Lysis
One problem the phage must solve is lysing the
cells at the right moment. Most likely this time is a compromise, worked out
over the eons, between maximizing the number of completed phage particles
released and minimizing the interval after infection or induction until some
completed phage are released. Although infection can begin by slipping lambda’s
DNA molecule into the cell through a small hole, the release of newly assembled
phage particles requires something more drastic. At the least, holes large
enough for the phage head must be punched in the rigid peptidoglycan layer, and
the inner and outer membranes must be ruptured as well.

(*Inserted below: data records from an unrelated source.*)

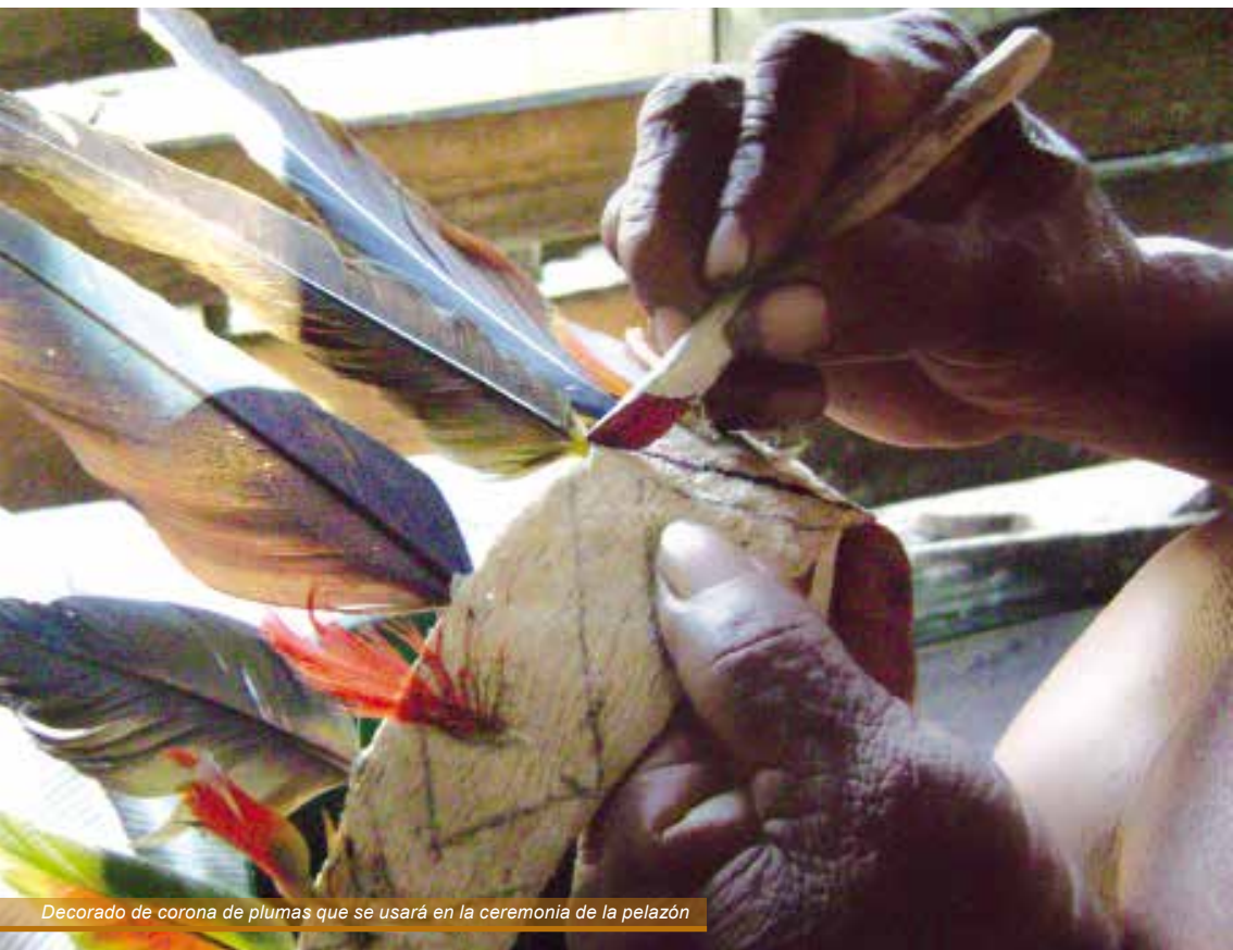
Decorado de corona de plumas que se usará en la ceremonia de la pelazón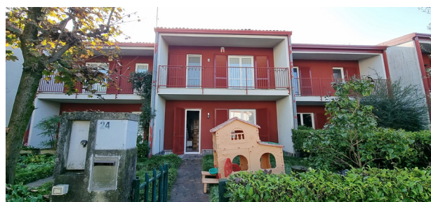
BRUGHERIO - via dei Mille

In elegante e riservato complesso residenziale costituito di sole ville, VILLETTA A SCHIERA con appartamento di 4 LOCALI disposto su due livelli. GIARDINO e CORTILE . Piano interrato con CANTINA e BOX .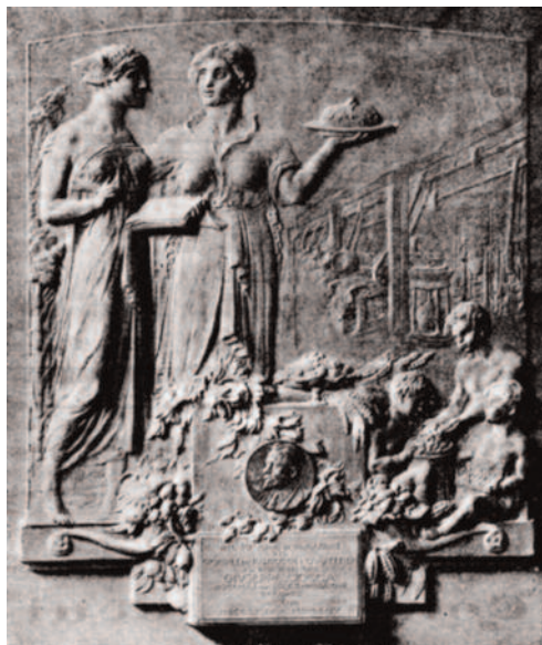
Targa in bronzo (70x60 cm), opera dello scultore Enrico Saroldi, rappresentante l'arte che addita la via all'industria dolciaria, e la medaglia d'oro con l'effigie di Giuseppe Ciocca.

no sempre dei perfezionamenti da applicare ai metodi già noti: ecco l'idea nostra, ecco lo scopo dei nostri concorsi”.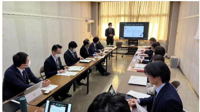
プレゼンの様子（左奥が矢吹町長）

■ 福島県矢吹町プレスリリース： https://prtimes.jp/main/html/rd/p/000000002.000142719.html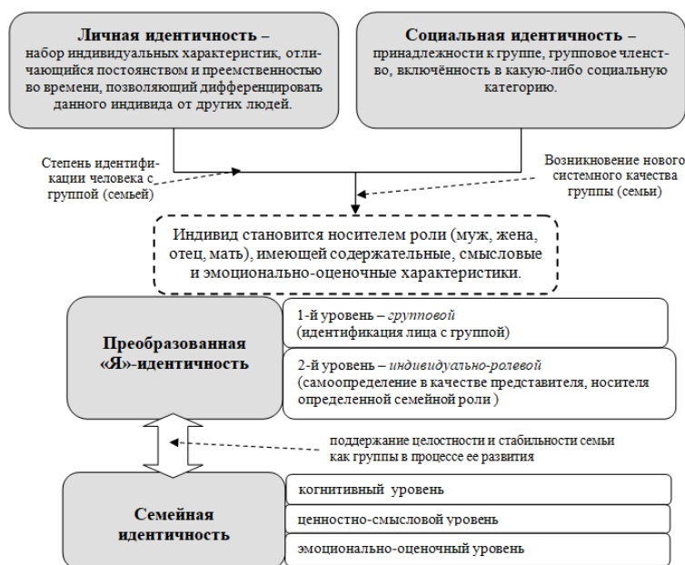
Рисунок 1 – Механизм формирования семейной идентичности

Примечание: рисунок составлен автором на основе источника [3].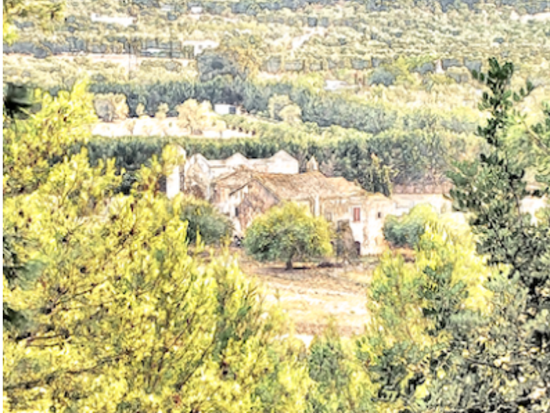
L'Abbazia di Kalena

Oggi la festa delle Madonne di Kalena e di Ripalta: in regalo acquerelli e immagini d'arte digitale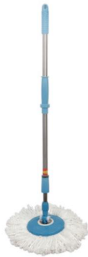
ม็อบเช็ดฝุ่น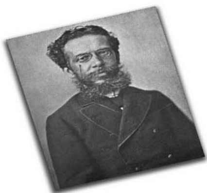
O autor de "Dom Casmurro", "Quincas Borba", entre outras obras, é patrono in memoriam da Imprensa Nacional desde janeiro de 1997.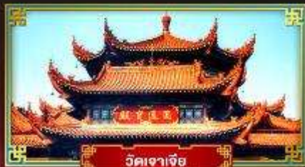
วัดเจเจีย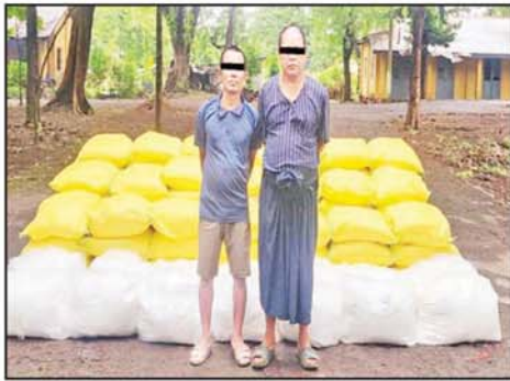
ဖြစ်မှုကျူးလွန်သူများကို ကလေးမြို့ တာဟန်းရပ်ကွက်တွင် သိမ်းဆည်းရမိသည့် ကဖင်းနှင့် မူးယစ်ဆေးဝါးများနှင့်အတူ တွေ့ရစဉ်။

နေပြည်တော် နိုဝင်ဘာ ၂၁ စစ်ကိုင်းတိုင်းဒေသကြီးနှင့် မန္တလေးတိုင်းဒေသကြီးတို့တွင် မူးယစ်မောင့်ခို ကိုဏ်းအဖွဲ့အား ငွေကျပ် ၂၇ ဒသမ ၅ ဘီလီယံကျော် တန်ဖိုးရှိ ဘိန်းဖြူ ကီလို ၁၅၀ ကျော်၊ စိတ်ကြွေးသွပ်ဆေးပြား ငါးသန်းကျော်၊ အိုက်စ်(မက်သ်အဖက်တမင်း) ၄၁၂ ကီလိုနှင့် ထိန်းချုပ်စာတုပစ္စည်း ကဖင်းသုံးတန်တို့နှင့်အတူ ဖော်ထုတ်ဖမ်းဆီးရမိခဲ့ကြောင်း မြန်မာနိုင်ငံရဲတပ်ဖွဲ့မှ သိရသည်။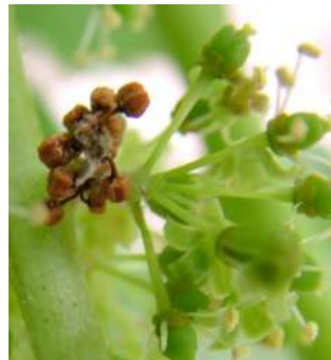
Εικόνα 1. προσβολή ανθοταξίας από προνύμφες 1 ης γενιάς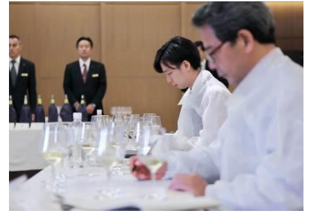
ワイン品評会 愛好家審査員審査(左)、専門家審査員審査(中、右)の様子(2019年7月7日、8日)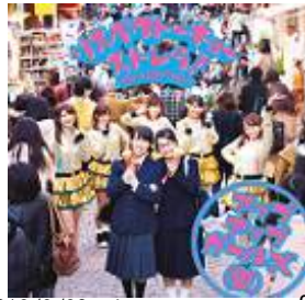
2013/2/20 release リスペクトキー /ストレラ! ~Straight Up!~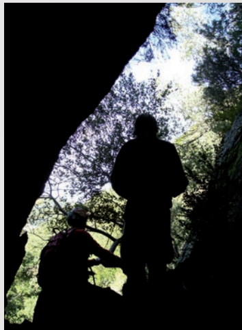
Entrée de mine

Three lambda proteins are known to participate in
the lysis process. They are all late proteins synthesized
under control of the Q gene product.
The first to be identified is the product of the lambda R gene. Originally this was called the lysozyme for its ability to
lyse cells, then for a while it was mistakenly called an endopeptidase or endolysin
for the specific bonds in the peptidoglycan the enzyme was thought to cleave,
and now it is correctly known to be a transglycosylase (Fig. 14.10) that
cleaves between N-acetylglucosamine and N-acetylmuramic acid. Another
lambda-encoded protein also degrades the peptidoglycan layer of the cell. It is
the product of the RZ
gene, and it is an endopeptidase. The third protein required for lysis is the
product of the S gene. Experiments
indicate that this protein forms a pore through the inner membrane so that the
R and RZ products, which are cytoplasmic proteins, are provided
access to their peptidoglycan substrate.
Figure
14.10 The structure of thepeptidoglycan
layer and the bonds cleaved by the R and Rz proteins.
The
behavior of cells infected with S- phage is consistent with the idea
that the S gene codes for a pore. As expected, the R and RZ products
accumulate in the cytoplasm of such cells, and lysis does not occur unless the
inner membrane is damaged. Chloroform treatment or freez-ing and thawing are
two methods for disrupting the integrity of the inner membrane in S-
mutants. Protein synthesis, DNA synthesis, and respi-ration do not shut off in
cells infected with S- phage as they normally do 40 minutes after
infection with S+ phage. The shutoff of macro-molecular synthesis
that normally occurs 40 minutes after infection results from leakage of crucial
intracellular components, as at this time the cell loses its ability to
concentrate small molecules intracellularly.
S-
mutants facilitate work with lambda. First, since macromolecular synthesis does
not shut off at 40 minutes, phage continue to be made and the phage yield per
infected or induced cell is raised from about 100 to about 500. Second, phage
may easily be harvested from the cell growth medium by centrifuging cells full
of phage into pellets, resus-pending in small volumes, and lysing by the
addition of chloroform. As a result, large quantities of highly concentrated
phage are easily obtained.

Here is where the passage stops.